Temple Etiquette

Guidelines for visitors to Lerab Ling

All Buddhist temples contain representations of the Buddha, Dharma and Sangha, therefore out of respect it is important to maintain appropriate conduct of ones body, speech and mind whilst visiting. Correct etiquette is an expression of respect and gratitude for one's own Buddha-nature, which is embodied by ones teacher and reflected by the shrine room environment.

When visiting the temple or the stupa, you are asked to circumambulate in a clockwise direction, even if leaving or returning from the toilet. In the teachings it says that, “When you circumambulate, it results in enhanced mindfulness, clear perception, intelligence, not to mention a good rebirth.”

On arrival please remove your shoes before entering any of the temple rooms. This is also symbolic of leaving all your worldly life at the door and entering purely.

If lying down or sitting with your legs stretched out, avoid pointing them at the teacheror any images of the Buddha.

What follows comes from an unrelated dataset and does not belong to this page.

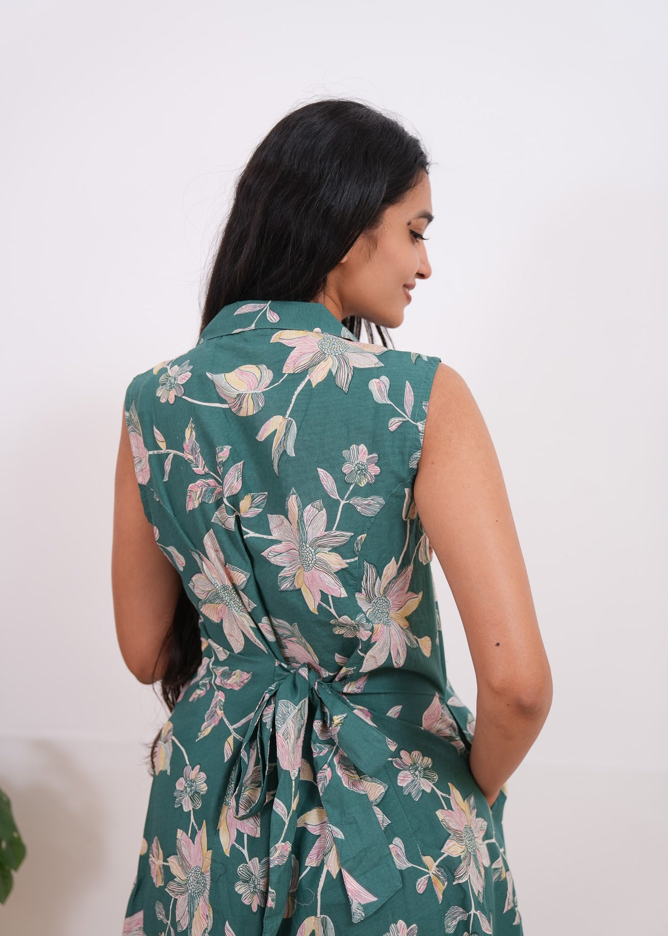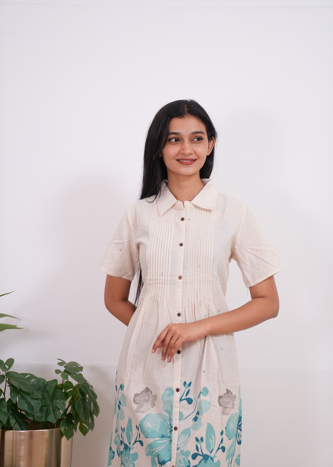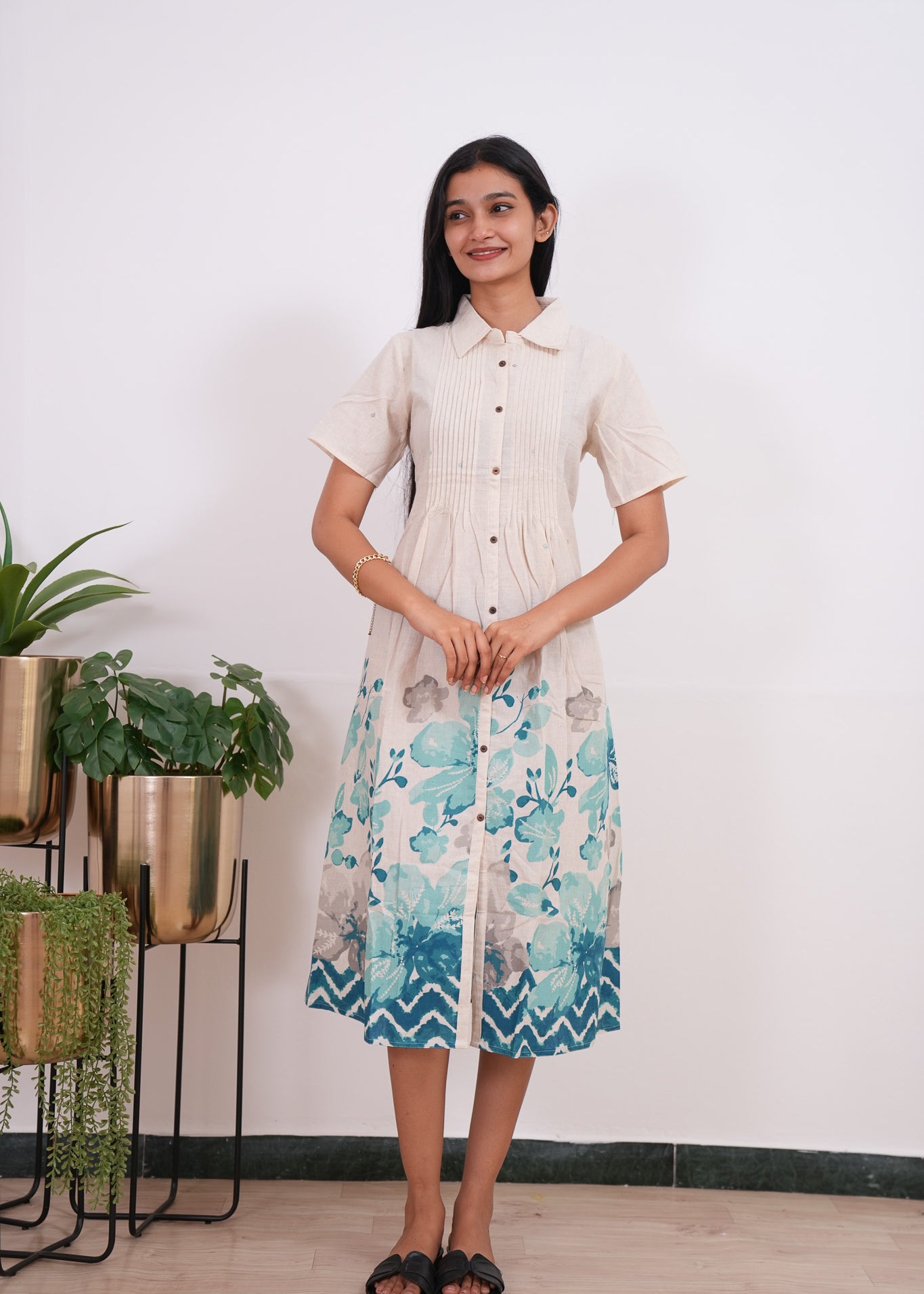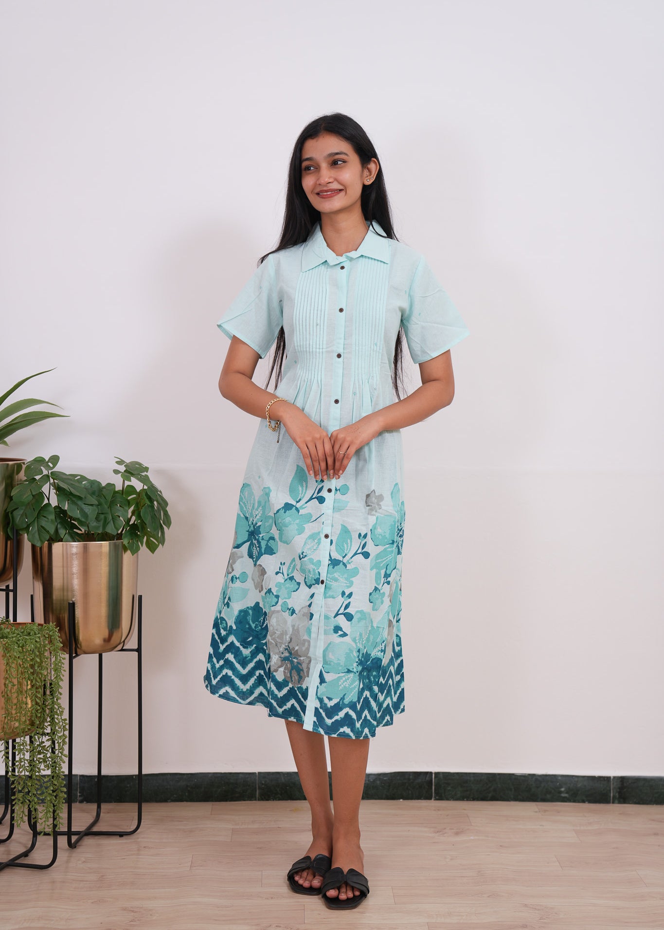 Turquoise lillies cotton shirt dress(attached sleeves)

As a sign of respect for the monastic community and for the preciousness of the teachings, we are asked to dress well and modestly, it is polite to cover your shoulders and knees and avoid tight fitting garments.

The robes that monastics wear are symbolic and similar to those of the Buddha. With this in mind it is not appropriate to step over any part of them.

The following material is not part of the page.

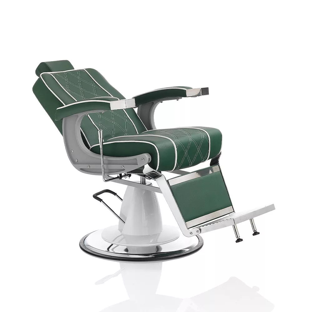 A Hair Granada elegáns és nagyszerű barber szék, dönthető és állítható háttámlával, kárpitozott lábtartóval és állítható fejtámlával, zöld öko műbőr borítással áll rendelkezésre. Zöld/fehér színével retro hangulatot idéz a barber szalonodba.

Dharma texts should not be placed directly on the floor, stepped over, or stood upon.

As the paintwork on the walls, pillars and thangkas are both sacred and fragile, to avoid damage please do not lean against them nor place any items up against them.

Also the windows scratch easily so please be mindful not to place bags or other items against them whilst storing them outside.

Photography and the use of mobile phones in the temple is not allowed. Please respect the wishes of long-term retreatants who do not wish to be photographed whilst in retreat conditions.

Security measures – The temple at Lerab Ling is obliged to comply with many and varied regulations. Many of these relate to the spacing of chairs, mats, and aisle widths. To help keep the temple spacious and safe, please leave the layout as you found it, keeping the aisles free from hazards, please minimize the amount of belongings you bring into the temple.